Leisure and hospitality, which includes accommodation and food services, added 3,300 jobs.
Local government shed 1,600 jobs from March to April while manufacturing was down 900 jobs.
Bernalillo County, the state's most populous county, had a 5.4 percent unemployment rate in April. That was down from 5.8 percent in March.
Las Cruces Police: 3 Men Wounded In Shooting At Residence - Associated Press
Las Cruces says a late-night shooting at a residence left three men wounded.
Police say two of the men are hospitalized in critical condition after being shot multiple times Thursday night and that the third wounded man's injuries aren't life-threatening.
Police spokesman Dan Trujillo says circumstances of the shooting remain under investigation but he says police aren't seeking any suspects at this time.
Identities weren't released.
3 Accused Of Operating A Sex Trafficking Ring In Albuquerque - Associated Press
Federal authorities have accused two men and a woman of operating a sex trafficking ring in Albuquerque.
Prosecutors say 34-year-old Cornelius Galloway, 28-year-old Matthew Woods and 43-year-old Danielle Galloway were indicted on charges of commercial sex trafficking, commercial sex trafficking of a minor and conspiracy.
Woods also has been indicted for attempting to recruit a victim.
Cornelius Galloway allegedly ran the sex trafficking organization that started last October.
Prosecutors say two unidentified members of the conspiracy killed two people in January "because their activities were contrary to the objectives of the criminal sex trafficking organization."
Danielle Holloway pleaded not guilty to the charges Thursday and was ordered detained pending her trial.
Cornelius Galloway remains detained pending May 22 arraignment and detention hearings.
Woods is facing a May 30 arraignment hearing.
Expert Finds High Alcohol Use In New Mexico 2014 Murder Case - Associated Press
An expert believes a former New Mexico deputy had a blood-alcohol level three times the legal driving limit the night he allegedly killed his partner.
Las Cruces Sun-News reports psychologist Cecile Marczinski gave her testimony at Tai Chan's retrial on Thursday.
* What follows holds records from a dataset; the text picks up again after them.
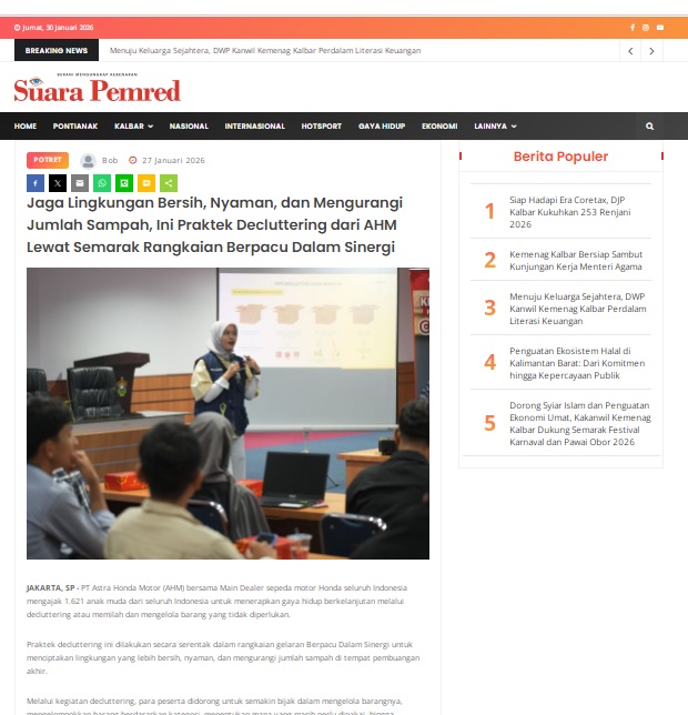 Jaga Lingkungan Bersih, Nyaman, dan Mengurangi Jumlah Sampah, Ini Praktek Decluttering dari AHM Lewat Semarak Rangkaian Berpacu Dalam Sinergi by masmul 26 Januari 2026 in Silahkan kunjungi https://www.suarapemredkalbar.com/read/potret/27012026/jaga-lingkungan-bersih-nyaman-dan-mengurangi-jumlah-sampah-ini-praktek-decluttering-dari-ahm-lewat-semarak-rangkaian-berpacu-dalam-sinergi. You Might Like Regional Public Launching New ADV160 The SUV Pride Grand Launching New PCX 160 Truly Exceptional! Tetap hati-hati ya bro sist berkendara saat hujan.
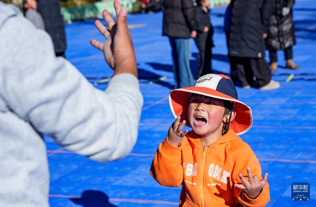 1月22日,在拉薩市全民健身體彩公園內(nèi),殘障兒童在家長陪同下參加“陽光殘障兒童公益興趣班”體適能訓(xùn)練課程。新華社記者 丁增尼達(dá) 攝
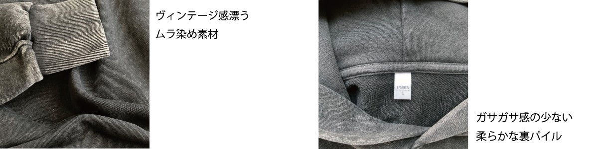 素材ポイント:綿100%の裏毛素材, ヴィンテージ感漂う表情, 肌触りの良い裏パイル
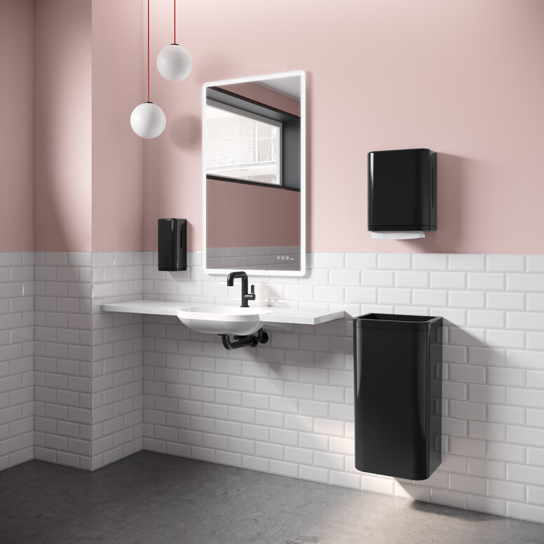 Dozowniki z połyskiem Serii 477/801 są obecnie dostępne w kolorach czarnym i białym z elementami ramkiami w kolorze różowym. Oba warianty kolorystyczne uzupełnią popularną Serię produktów sanitarnych o wyraziste możliwości aranżacyjne – od klasycznej elegancji po nowoczesne akcenty.
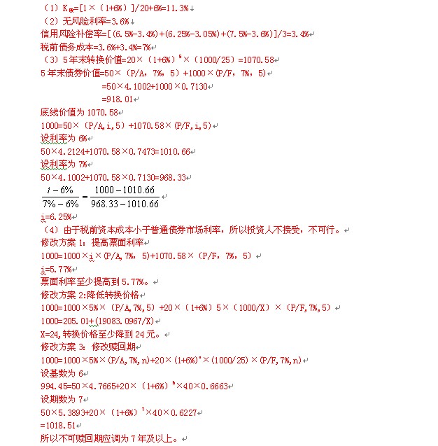 (3)根據(jù)方案3,計(jì)算第5年末可轉(zhuǎn)換債券的底線價(jià)值,并計(jì)算按廣安發(fā)行可轉(zhuǎn)換債券的稅前資本成本。
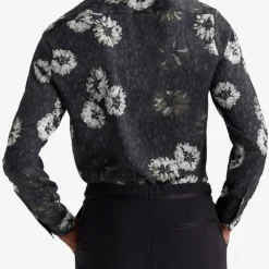 - Long sleeves, buttoned cuffs, all-over floral print, curved hem
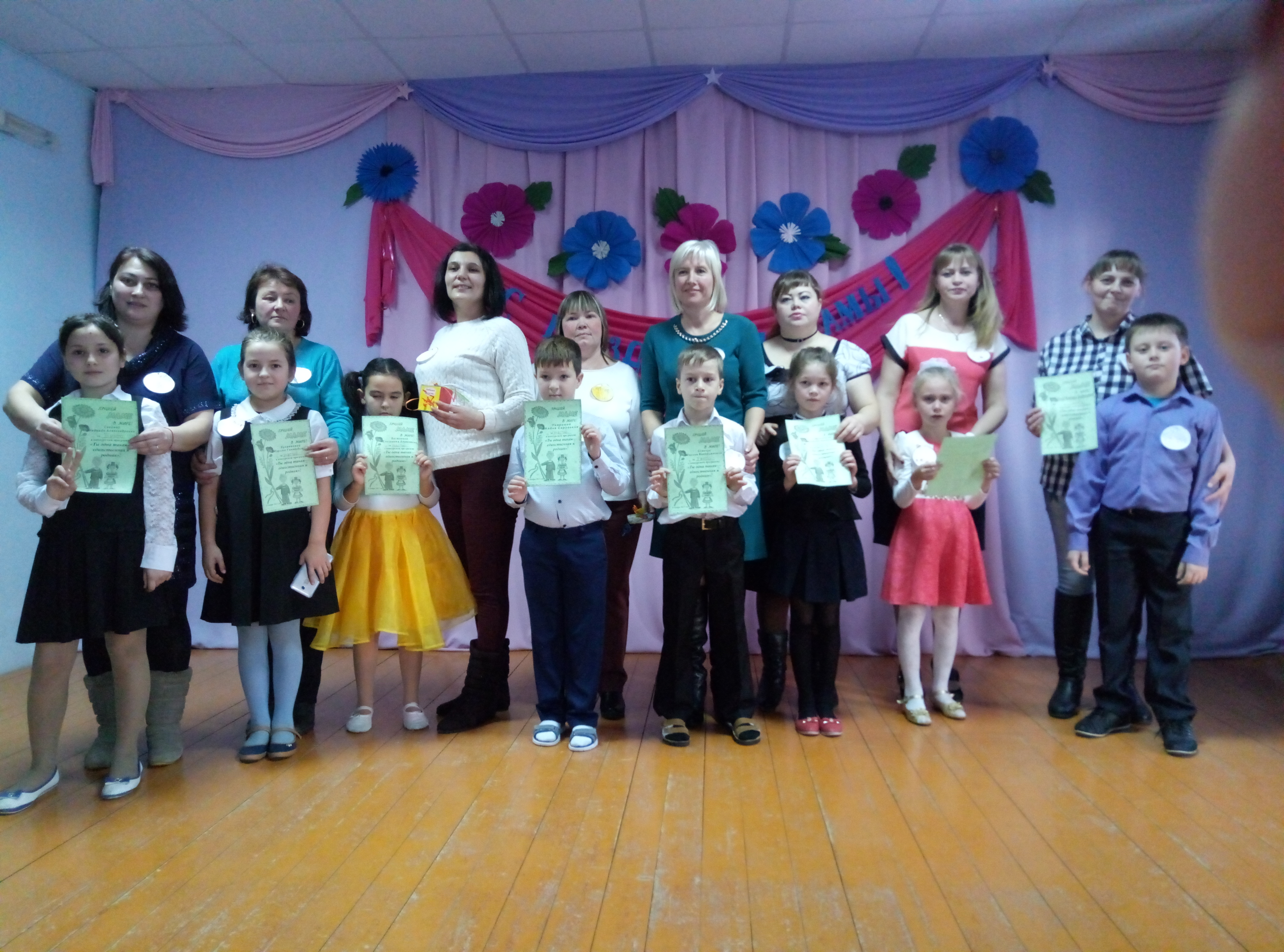 В конкурсной программе, посвященной Дню матери приняли участие восемь семейных пар: Сосова Надежда Александровна и Лилия, Кугаевская Марина Геннадьевна и Галина. Еленчук Марина Валерьяновна и Артем, Шанаева Марина Степановна и Амина, Козлова Анна Евгеньевна и Анна, Кривошеева Виктория Владимировна и Штурц Демьян, Васюкова Елизавета Алексеевна и София, Уварова Алена Сергеевна и Цыбуляк Максим.

Chan is accused of murder in Jeremy Martin's 2014 death.
Marczinski says she calculated Chan's blood-alcohol level from that night by using receipts, witness statements, his body weight and an accepted scientific formula.
She thinks Chan most likely had a blood-alcohol level of 0.24 grams per 100 milliliters — three times higher than the legal limit for driving.
The report says Marczinski's calculation was necessary because Chan's blood-alcohol level was not measured the night of the shooting.